The sea anchor is an essential tool for any fisherperson.
It gives you the control and adds a safety feature to any craft in turbulent
weather. Hold ontoyour hats and hit the waves they will repay you
with a nice catch of walleyes taken with the use of a sea anchor.
Boat control can be defined as; the location and speed of a trolled
lure is largely dependent on how you maneuver the boat that pulls it, and
how you counteract elements that affect your speed and direction especially
wind and current.
One way that I have solved the problem with boat control is by using
a sea anchor. A sea anchor is a cone-shaped under water wind sock,
similar to those at airports that detect changes in wind direction.
Control sea anchors aid boat control in two ways. First of
all, they slow your drift in strong winds. Secondly, you can use
them to fine-tune subtle boat maneuvers in rough seas or heavy current.

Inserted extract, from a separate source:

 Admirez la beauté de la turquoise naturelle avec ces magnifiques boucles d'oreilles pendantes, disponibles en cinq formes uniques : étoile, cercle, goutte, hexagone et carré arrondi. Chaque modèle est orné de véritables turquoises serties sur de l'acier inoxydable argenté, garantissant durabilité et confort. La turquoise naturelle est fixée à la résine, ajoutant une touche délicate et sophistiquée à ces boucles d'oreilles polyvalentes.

Most anglers who fish large expansive lakes or rivers carry a sea anchor
with them daily. The rule is usually one sea anchor is adequate for
most boats and conditions. But, if you have a large boat and the
sea anchor isn't doing it's job you may need your large one off the front
cleat and a smaller one at the stern.
When fishing alone in a console boat in heavy winds, I troll headlong
into the wind with a sea anchor tied at the bow of the boat. By letting
out about 8 feet of rope, the bag trails next to the console. I can
yank it out of the water with a safety cord if I need to without getting
out of my seat and I never lose control of the boat.

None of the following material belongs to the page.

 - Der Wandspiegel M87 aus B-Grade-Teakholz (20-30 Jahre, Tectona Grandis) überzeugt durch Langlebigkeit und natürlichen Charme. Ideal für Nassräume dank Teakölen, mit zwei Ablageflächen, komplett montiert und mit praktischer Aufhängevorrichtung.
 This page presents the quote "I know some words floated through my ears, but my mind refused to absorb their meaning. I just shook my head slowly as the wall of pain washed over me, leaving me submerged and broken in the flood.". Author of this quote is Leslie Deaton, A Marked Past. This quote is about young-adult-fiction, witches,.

That maybe all right if you want to slow down your presentation, but
control is still very important and you have to be able to control your
presentation if you want the fish to bite. One way that I approach
control is by tying a sea anchor at the bow of the boat and then backtrolling
along a contour depth. By tying a Drift Control sea anchor at the
bow of the boat it will hold the bow down and reduces splashing for backtrolling
into the wind. This control will even allow me to swim a 1/16
ounce Fuzzy Grub over the rocks and keep my boat pointed in the direction
I want to go, rather than the way the wind wants to push me.

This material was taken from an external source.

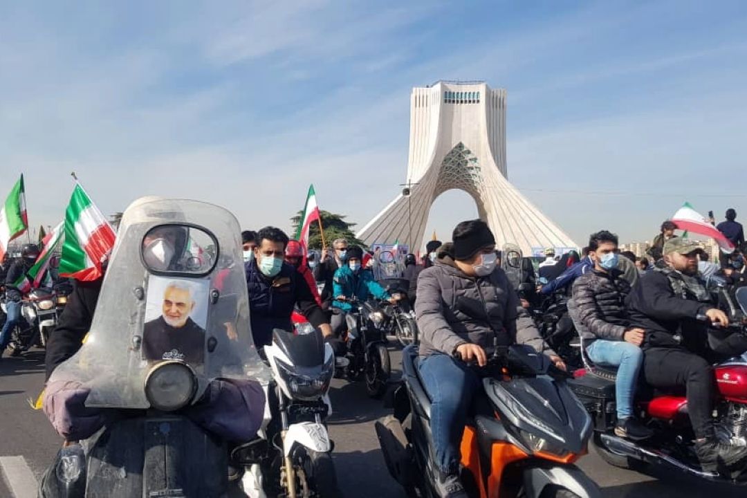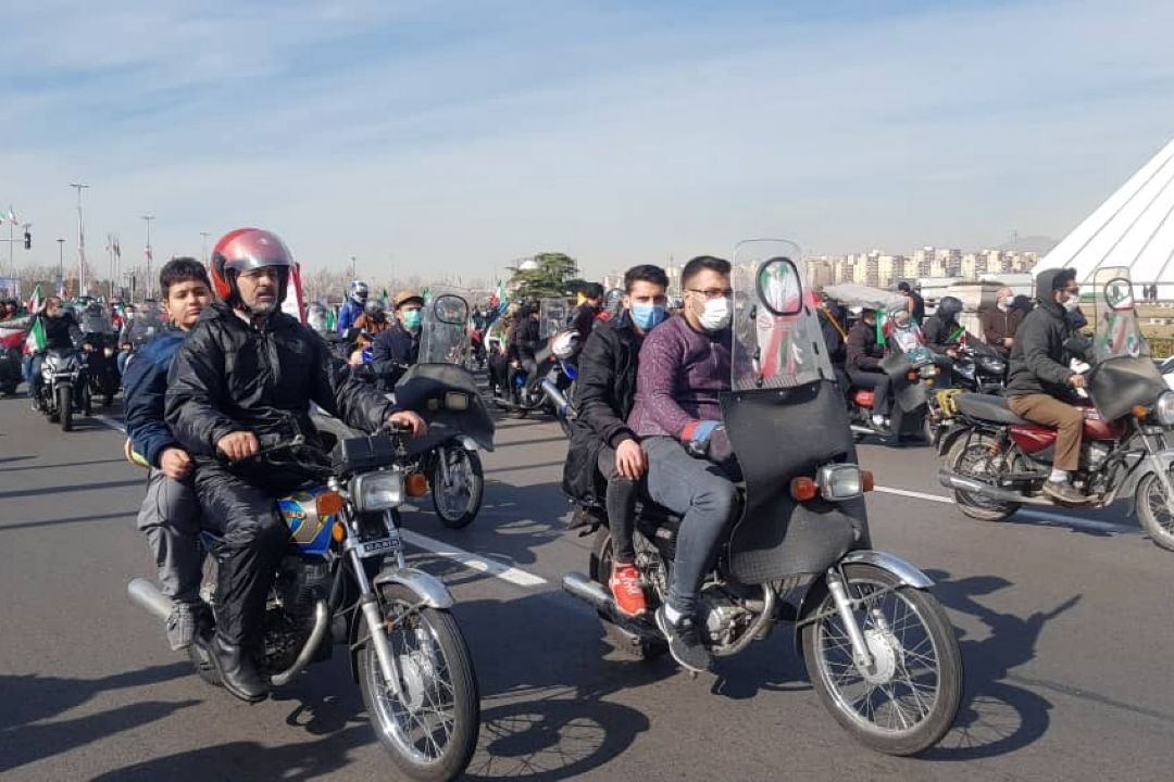 رژه موتوری رعایت شیوه نامه های بهداشتی 22بهمن 1399 گرامیداشت پیروزی شكوهمند انقلاب اسلامی ایران

Backtrolling downwind is also possible and necessary on some
days, when your boat doesn't rock so much in waves. This reduces
the jigging action of your bait, and at times, walleyes are turned off
by too much vertical action. The Drift Control sea anchor acts like
a big tail. You get excellent boat control by going with the wind
and easing the throttle in and out of gear.
When fishing a windy, unprotected point, one option is to deploy
two sea anchors and drift the tip. But a better option might be to
use only one bag off the bow and backtroll into the wind to cover both
the tip and each inside turn. Be sure to tie the bag on the bow eye,
not on a side cleat.
The position of where you tie off is critical to control.
As I have mentioned previously the bow eye is a great place, but other
times on a windy point that has a major drop off that hangs the outside
edge of the point you might want to switch to the portside cleat in the
bow so you can hold tighter to the structure. Usually you shouldexperiment
with your positioning of the sea anchor, and how it affects your boat,
before launching out into gale force winds. Along with that, if you
fish with a partner, you both should get used to fishing in and around
a bag. If your partner doesn't reel in the bag when you have a tournament
winning walleye on, it can be disastrous. Practice with the bag,
as well as with the positioning of the tie off rope on your boat.
Don't rule out a sea anchor on windless days. If the water's
deep, you can usually troll over walleyes with an outboard. On Mille
Lacs when the lake goes flat, I will put out my sea anchor and use my
trolling motor so my
Hatchet Harness spinner barely spins. This technique drives the walleyes
crazy especially if a cold front has passed through and they are finicky.